Ahora, el Supremo ratifica dicho criterio al entender que concurren las notas definitorias del contrato de trabajo, examinando en particular las de dependencia y ajenidad.

Para el Supremo, Glovo no es una mera intermediaria en la contratación de servicios entre comercios y repartidores, sino una empresa que presta servicios de recadería y mensajería fijando las condiciones esenciales para la prestación de dicho servicio.

Además, es titular de los activos esenciales para la realización de la actividad, los repartidores o "riders".

Estos trabajadores no disponen de una organización empresarial propia y autónoma, sino que prestan su servicio "insertados" en la organización de trabajo del empleador.

Al respecto, Glovo ha manifestado su respeto por las decisiones del Supremo, y aboga por la clarificación del marco regulatorio, tanto en España como a nivel europeo.

El debate sigue abierto en los tribunales, señala la empresa, que recuerda que hay varias sentencias que validan el modelo, como la última del Tribunal de Justicia de la Unión Europa (TJUE), y otras contrarias, como en España.
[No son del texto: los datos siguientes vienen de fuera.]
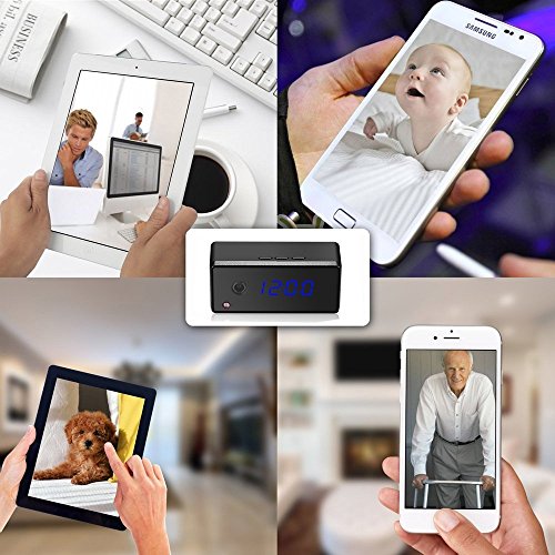 WIFI CONNECTION& MULTIPLE USES: Unique alarm clock design, it is a Wireless Camera with alarm clock function. It can be accessed via Wi-Fi, you can using your Smartphone, Tablet, PC to check your monitoring, even you are in kitchen, office or on business. Able to be monitored by one or multiple devices at the same time, through the password identity feature.

Por su parte, la Asociación Profesional de Riders Autónomos (APRA) ha advertido de que cualquier ordenación del sector debe contar con la aportación de los repartidores y ha opinado que la sentencia añade aún más complejidad a dicha ordenación.

APRA sostiene que el hecho de que se pretenda encuadrar a estos repartidores en una relación laboral no significa mejorar su situación profesional ni aumentar sus ingresos, sino lo contrario.

"Creemos que los tribunales no tienen que estar definiendo la forma en que trabajamos. El Gobierno es el que debe hacerlo, con una regulación que tenga en cuenta nuestra situación y peticiones para continuar siendo autónomos, y dándonos más fácil acceso a las protecciones y beneficios necesarios", señala en un comunicado.

En los próximos días, este colectivo tiene previsto salir de nuevo a la calle para defender su profesión en varias ciudades españolas, ante la "nula" predisposición por parte del Ministerio de Trabajo a dialogar, según denuncian.